She gave him a sympathetic smile at the offer. 'No thanks, Ianto. I can check myself if I need to. I know you've got plenty on.'
He grinned ironically. 'Don't I know it. This job isn't getting any easier.'
It didn't take Gwen long to run out of ways to analyse the paper. There really wasn't much she could study. It was ordinary paper, ordinary ink. A scan of the logo at the top run through their extensive database came back with nothing. No where on the entire planet, now or at any point in the past had anyone ever used a corporate logo in the shape and size of the one she was looking at right now. The CCTV was just as fruitless. There simply wasn't enough definition on the feeds from within the hub to tell if and when a single piece of paper had appeared on her desk. There certainly hadn't been anyone wandering past it to specifically drop it off. Apart from Ianto gathering up yesterday's dirty mugs, no one else had been near it.
'You're probably overthinking this, Ianto told her later as she was still staring at the paper on her desk instead of helping him break down a translation for a bunch of data stick files Jack had given them. 'It could have innocently fallen out of a file, or maybe it's not even for you.'
'What do you mean? Of course it's for me.
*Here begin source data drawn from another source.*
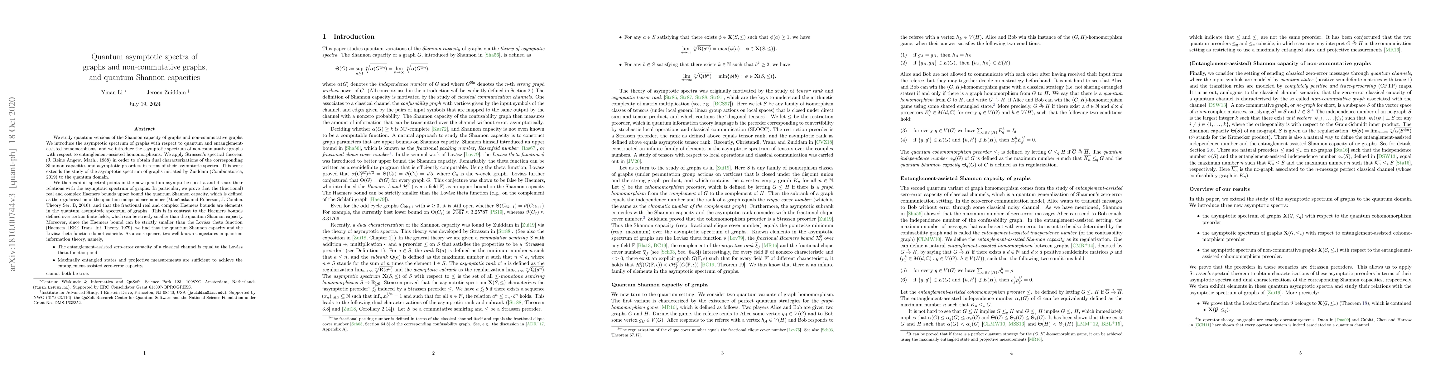 This paper explores quantum versions of Shannon capacities for graphs and non-commutative graphs, introducing the asymptotic spectrum of these structures. It applies Strassen's spectral theorem to characterize these capacities and shows that the quantum Shannon capacity is bounded by the fractional real and complex Haemers bounds, which are elements of the quantum asymptotic spectrum.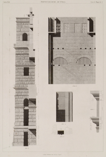 Το Ρωμαϊκό Αμφιθέατρο της Πόλα (Pula): Εικ. 1. Τομή εξωτερικού τοίχου. Εικ. 2. Κατά μήκος τομή του άνω τμήματος πλευρικού πύργου-αντηρίδας, όπου διακρίνονται ίχνη του κλιμακοστασίου. Εικ. 3. Εξωτερικά γείσα της κορυφής του πλευρικού πύργου-αντηρίδας . Εικ. 4 και 5. Σχέδιο και τομή του τοίχου που κύκλωνε την κονίστρα, σχηματίζοντας την εξέδρα.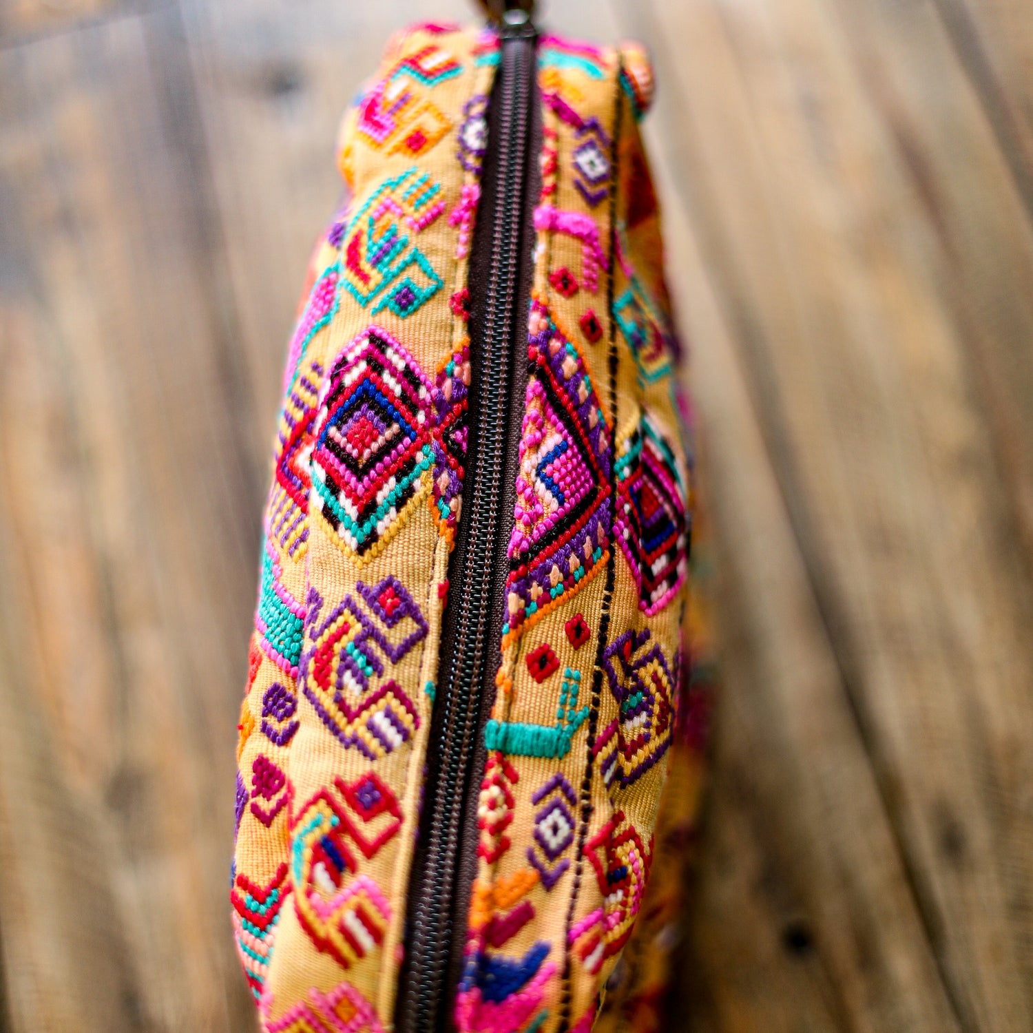 We make every effort to provide our customers with the best-handcrafted and high-quality bags. Please note that all our processes to make the bags are done by hand, from curing, cutting, and treating the leather to using up-cycled huipils. Our bags have natural characteristics and qualities that should not be considered as flaws or as damage because they do not interfere with the functionality of the bag. We up-cycle vintage Maya clothing to make beautiful one-of-a-kind products. Many times you will find snags in the pattern. This is normal. Should your patterned huipil snag you can snip the loose threads with scissors. Do not pull them.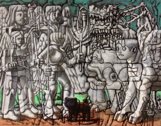 I make paintings of my imaginary game scenes based on the inspiration of video games from my childhood. Nowadays, it’s called retro games. To transform these paintings into works of art, I’m injecting my knowledge into the work. What I have been thinking recently is that if you follow your instinct, this is the pattern, “Be-afraid, then Become-aggressive, and finally, Knock-opponent-down.” This pattern also becomes amusements. This rule can also be adapted to video games and I enjoy that as well. My paintings reflect this theory. However, if you show aggression in the real world, it can be pretty much a big problem. In the actual world of today, I tell myself, “Don’t be afraid.” This is the title for this exhibition.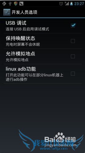 接下来进入到手机设置选项(这里拿安卓4.0系统的手机演示)!然后找到开发人员选项。进入之后把USB调试上面的勾去掉!这样的话就可以用电脑查看手机上面的文件了、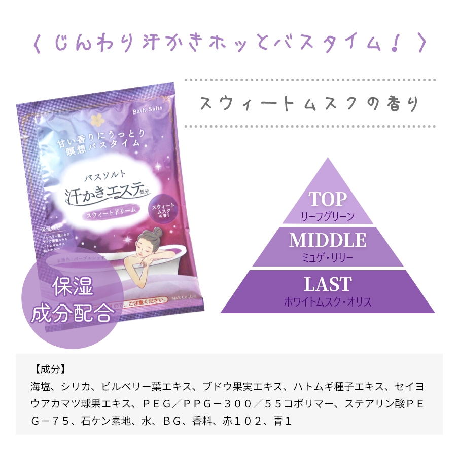<スウィートドリーム>× 2 海塩、シリカ、ビルベリー葉エキス、ブドウ果実エキス、ハトムギ種子エキス、セイヨウアカマツ球果エキス、PEG/PPG-300/55コポリマー、ステアリン酸PEG-75、石ケン素地、水、BG、香料、赤102、青1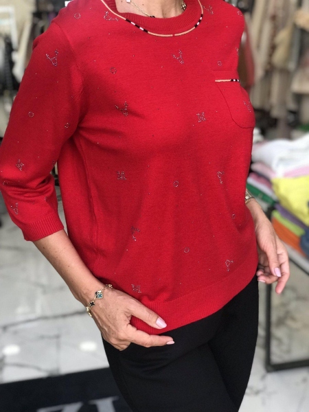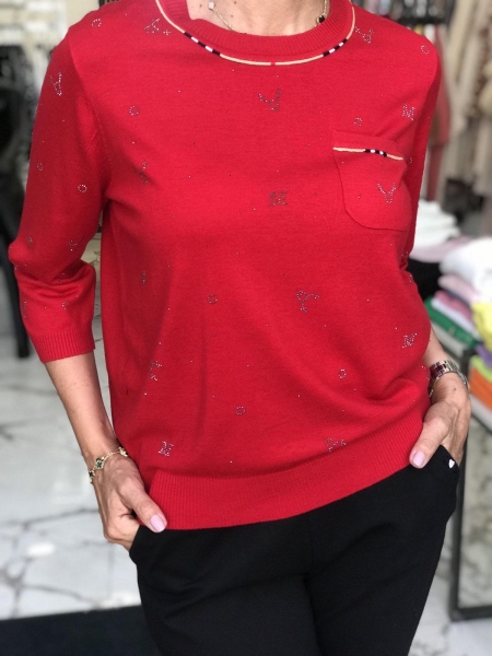 Блуза от фино плетиво в червен цвят. Моделът е с втален силует и 7/8 ръкав. Размерът е универсален и е подходящ за S, M, L.

It's got my name on it.'
'Well, Gwen is a pretty common name.'
'Just like Ianto?' she teased.
He smirked. 'It is here in Wales. Did you ask Jack about it?'
'Do you think I'd get a sensible answer if I did?'
'Probably not, but you could try.'
Jack flipped the page from front to back and back again, giving it an unenthusiastic look. 'As secret admirer love letters go, it's not much,' he said.
'But what do you think it means?' Gwen asked, pressing him for anything at all. 'I checked my calendar last year and the three years before that. I checked the cases we were working on that day, but there's nothing.'
Jack shrugged, letting the paper flutter onto his desk before pushing it away. 'I can't help you. Sorry. Love to, but that's about as much of nothing to work with as you can get.' He must have caught the creasing of her forehead. 'Honestly, I wouldn't worry about it. Strange stuff turns up here all the time. Flotsam and keys and from being right on top of the rift.'
'And you just ignore it?'
'Sometimes. Most times.' He leaned forward, expression turning more serious. 'Don't you think if the world were ending there'd be a bit more information?'
'I suppose.' She didn't like conceding defeat, but if Jack wasn't worried, then she probably shouldn't be either.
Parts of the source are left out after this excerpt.